When it comes to transparency in government, things always get a bit murky, and when it comes to police accountability, that thin blue line always tends to be blurred. Whenever a police action becomes questionable, there is always a struggle to get the full details. More often than not, in the midst of such an investigation, police reports tend to conflict with video evidence that surfaces later. Some areas of the country are better than others when it comes to such things, but Iowa is not one of them.
According to the Center for Public Integrity, we get a D-plus on the matter. The center cites a 2015 case involving the fatal police shooting of 34-year-old mother Autumn Steele in Burlington during a domestic-dispute response. The officer responsible for the shooting was ultimately cleared of criminal charges.
According to the Des Moines Register, “The fact that state authorities sought to obstruct the disclosure explains, in part, why Iowa received an overall grade of D+.” The grade assigned in 2015, seemingly arbitrary, is actually telling of a problem that Iowans face in concerns to government transparency and police culture.
A recent interpretation of Iowa’s open-records law grants government agencies, such as local police forces, the ability to withhold any or all documents created or collected during an investigation. Essentially, this interpretation states that it is perfectly legal for state agencies to deny public access to just about any document or record involving law enforcement.

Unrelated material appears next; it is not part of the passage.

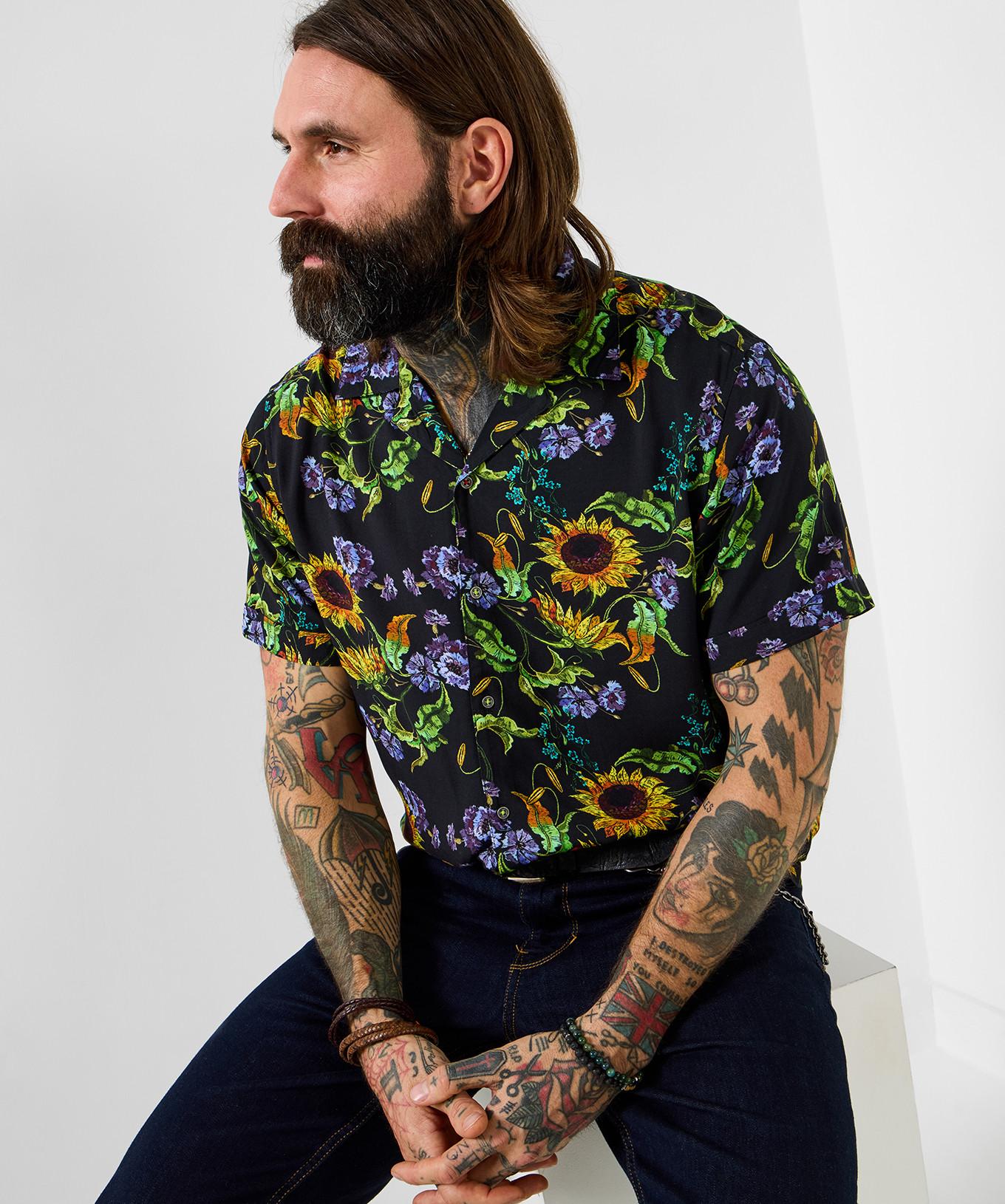 Das Sonnenblumenmuster verleiht diesem Hemd eine freundliche, sommerliche Ausstrahlung.
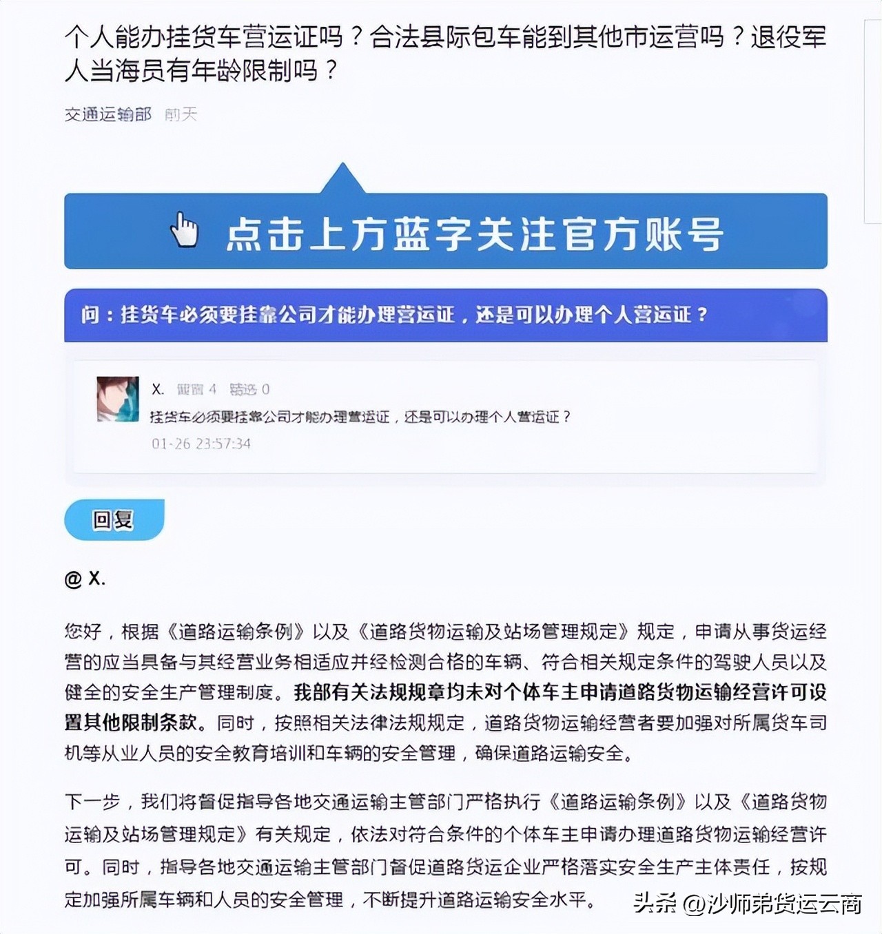 有位卡友曾向交通部提问:挂货车必须要挂靠公司才能办理营运证,还是办理挂货车个人营运证?

This in interpretation is not only overreaching and excessive, but it is also liable to be abused by government departments and inevitably perpetuate police corruption.
In fact, it seems as though it’s happening. According to the Register, “40 of 59 public record requests made to the [Iowa Department of Public Safety] in the first six months of 2016 — most made by people other than journalists — had been completely or partially rejected, mostly for the investigative report reason.”
In the midst of a national dialogue demanding police accountability through visibility of unchecked and unwarranted police brutality, the interpretation is not only in bad taste but seemingly evidence of outright police bias in more departments than just those that carry a badge and gun.
The Daily Iowan Editorial Board believes that denying the public access to records that pertain to the policing of that very public is to deny them the power of knowledge. The basic relationship shared between the people and the police is hinged entirely on a social contract, this social contract being a consent of the people to be policed. There is no consent in ignorance.
The triumph of accountability relies entirely on the existence of transparency. Revoking the latter from the public is to threaten the sanctity of government institution’s competence to hold itself accountable and the public’s trust in that very institution.